In keeping with Black’s irresistible mismatched-buddy action flick formula, the men find themselves in increasingly gruesome trouble, sometimes with Holly in tow, menaced by a trio of dapper Detroit hit men who are looking for a porn flick said to contain coded clues about a corporate conspiracy. (This Pynchon-esque subplot is left under-explored, unfortunately.) Black, who hit it big straight out of college with the screenplay for Lethal Weapon, has made a career out of a “have your cake and eat it, too” mentality, deconstructing clichés even as he gorges himself on them. Because it lacks the motormouthed mania of his directorial debut, Kiss Kiss Bang Bang, The Nice Guys occasionally gets dragged down by its generic plotting, generic villains, and a half-assed redemption arc in which Healy tries to better himself in Holly’s eyes.

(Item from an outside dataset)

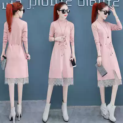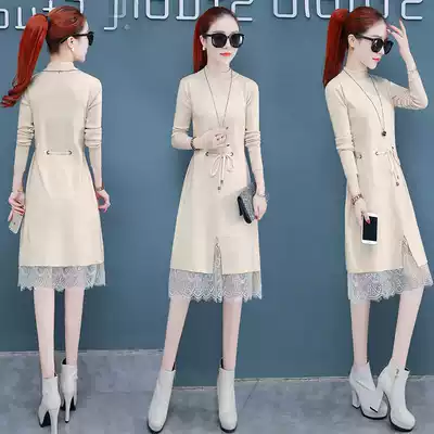 Knitted dress long version of women's interior 2021 new autumn and winter coat sweater Joker base skirt
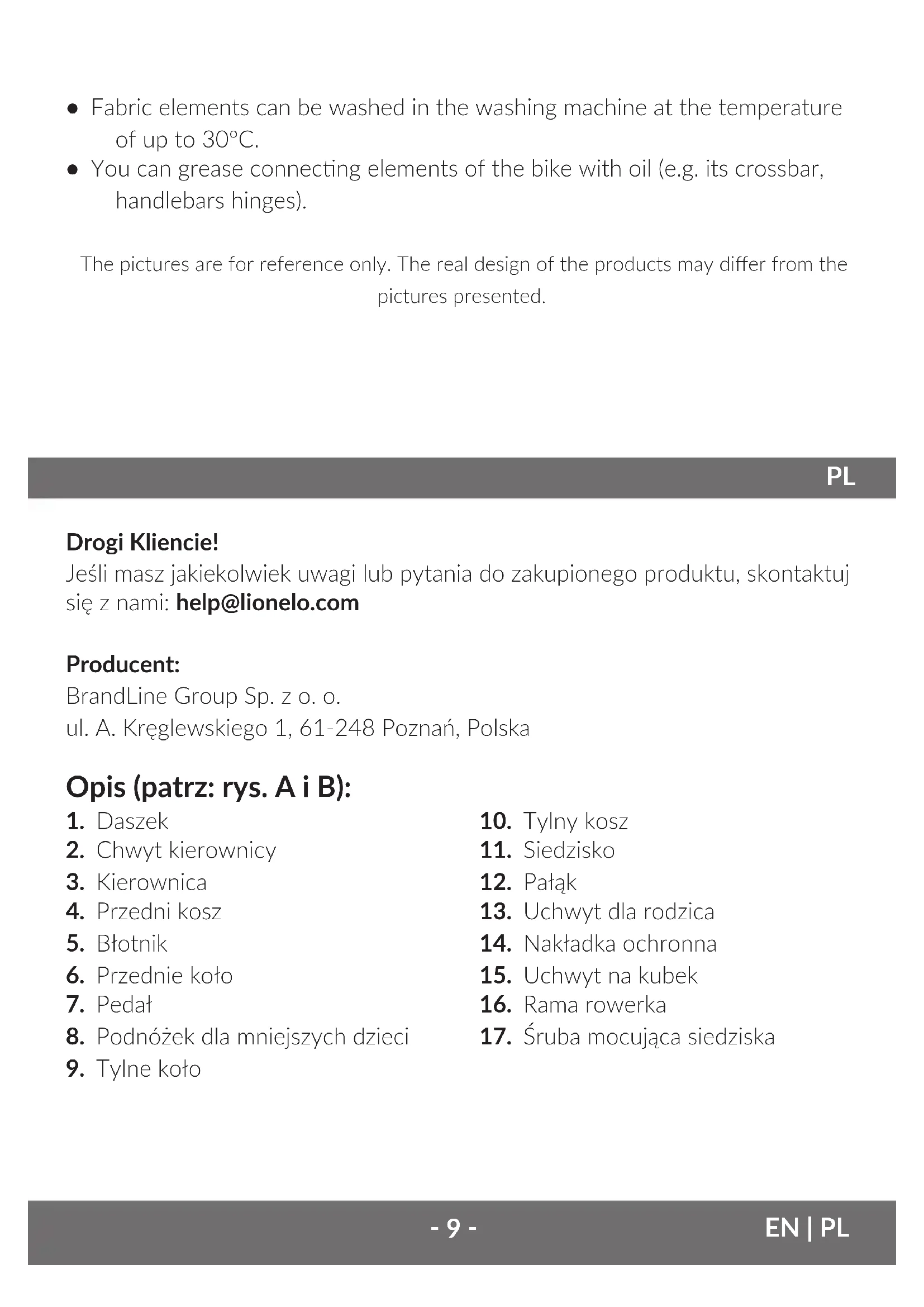 Drogi Kliencie! Jeśli masz jakiekolwiek uwagi lub pytania do zakupionego produktu, skontaktuj się z nami: help@lionelo.com Producent: BrandLine Group Sp. z o. o. ul. A. Kręglewskiego 1, 61-248 Poznań, Polska Opis (patrz: rys. A i B):

Which is to say that anyone hoping for the verbal and conceptual excesses of The Long Kiss Goodnight or The Last Boy Scout may be disappointed, despite an outré opening sequence that links violent death, cheesy erotica, and teenage guilt. (Not to over-psychoanalyze, but given that The Nice Guys is set somewhere during Black’s teenhood years, the scene comes across as creepily personal.) But Black’s odd-couple patter—here injected with period-specific references to The Waltons and Mikhail Baryshnikov—and knack for the occasional gory surprise is enough for a movie to coast on. Gosling and Crowe’s comic rapport is a big factor. Going along with the ’70s vibe, the former aims for a sweet spot somewhere between Bruce Dern and Elliott Gould, while the latter plays gruff with a hint of self-parody. (Crowe’s L.A. Confidential co-star, Kim Basinger, pops up too, stiff as a wax figure.) The Nice Guys is funny enough when it sticks to its heroes—whether pinned in a tight spot or bickering with each other—that its less-than-compelling intrigues and digressions come as an acceptable trade-off.